> [TRY IT]: Give the listing again word for word, excluding the pictures it contains.

> [DATASET EXCERPT]:
*** Block opens ***
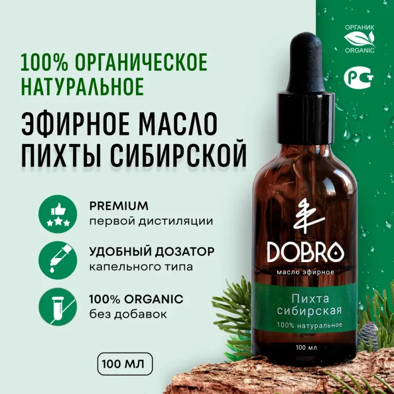 Эфирное масло из молодой хвои Сибирской пихты— 100% чистое, органическое, неразбавленное без спирта и добавок. С оригинальной сибирской пихтовой ветвью внутри. Пластиковый флакон с носиком дозатором, 10мл.
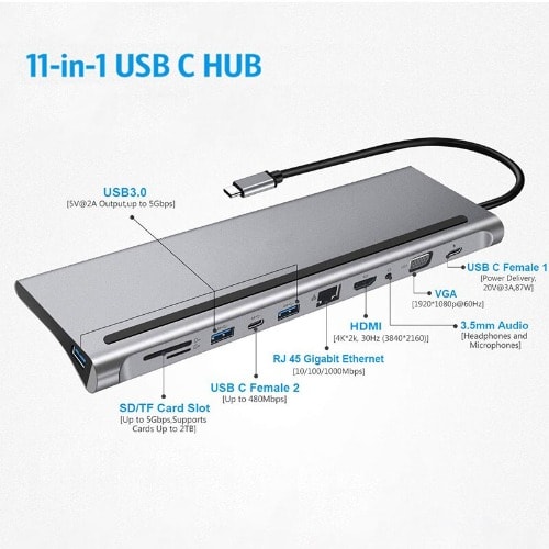 Buy 11 In1 Usb C Hub Type C To 4k Hdmi With Vga Rj45 Card Reader 3 Port Usb3.0 Usb Splitter in Nigeria
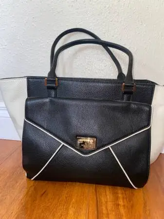 KATE SPADE Pebbled Leather bag tote 907-440-5054 $80 firm - KATE SPADE Black and Ivory Pebble Leather Tote Bag In Eagle River on Raven drive or 1251 Muldoon rd - 8-4 - Mon-Fri Exterior Front has Envelope Pocket with Clasp Closure Interior 1 Large Compartment with 2 Slip Pockets and 1 Zip Pocket 15.5 by 10.5 by 4 with 7 Strap Drop
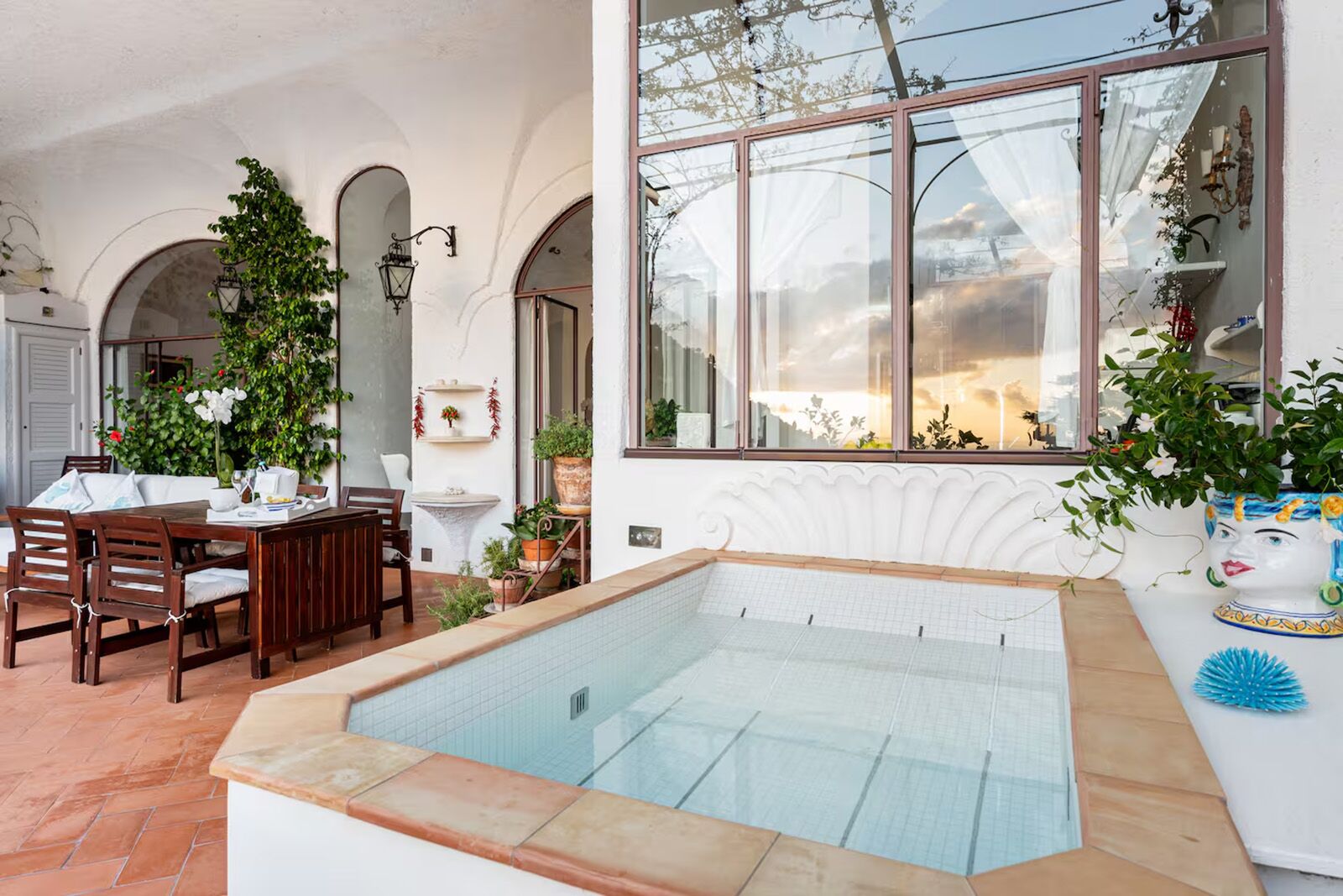See more photos This Amalfi Coast Airbnb with pool is an excellent base for larger groups. The property is split over three levels and partially built within the cliffs. Quirky architectural touches include the bathtub and kitchen with exposed stone. Ample dining areas are handy for family dinners while the piano and chessboard add another layer of entertainment. The garden is rich with foliage while multiple balconies and the pool are perfect for watching those epic Amalfi sunsets.
*** Block closes ***
> [FINISHED EXERCISE]:
 Эфирное масло из молодой хвои Сибирской пихты— 100% чистое, органическое, неразбавленное без спирта и добавок. С оригинальной сибирской пихтовой ветвью внутри. Пластиковый флакон с носиком дозатором, 10мл.
 Buy 11 In1 Usb C Hub Type C To 4k Hdmi With Vga Rj45 Card Reader 3 Port Usb3.0 Usb Splitter in Nigeria
 KATE SPADE Pebbled Leather bag tote 907-440-5054 $80 firm - KATE SPADE Black and Ivory Pebble Leather Tote Bag In Eagle River on Raven drive or 1251 Muldoon rd - 8-4 - Mon-Fri Exterior Front has Envelope Pocket with Clasp Closure Interior 1 Large Compartment with 2 Slip Pockets and 1 Zip Pocket 15.5 by 10.5 by 4 with 7 Strap Drop
See more photos This Amalfi Coast Airbnb with pool is an excellent base for larger groups. The property is split over three levels and partially built within the cliffs. Quirky architectural touches include the bathtub and kitchen with exposed stone. Ample dining areas are handy for family dinners while the piano and chessboard add another layer of entertainment. The garden is rich with foliage while multiple balconies and the pool are perfect for watching those epic Amalfi sunsets.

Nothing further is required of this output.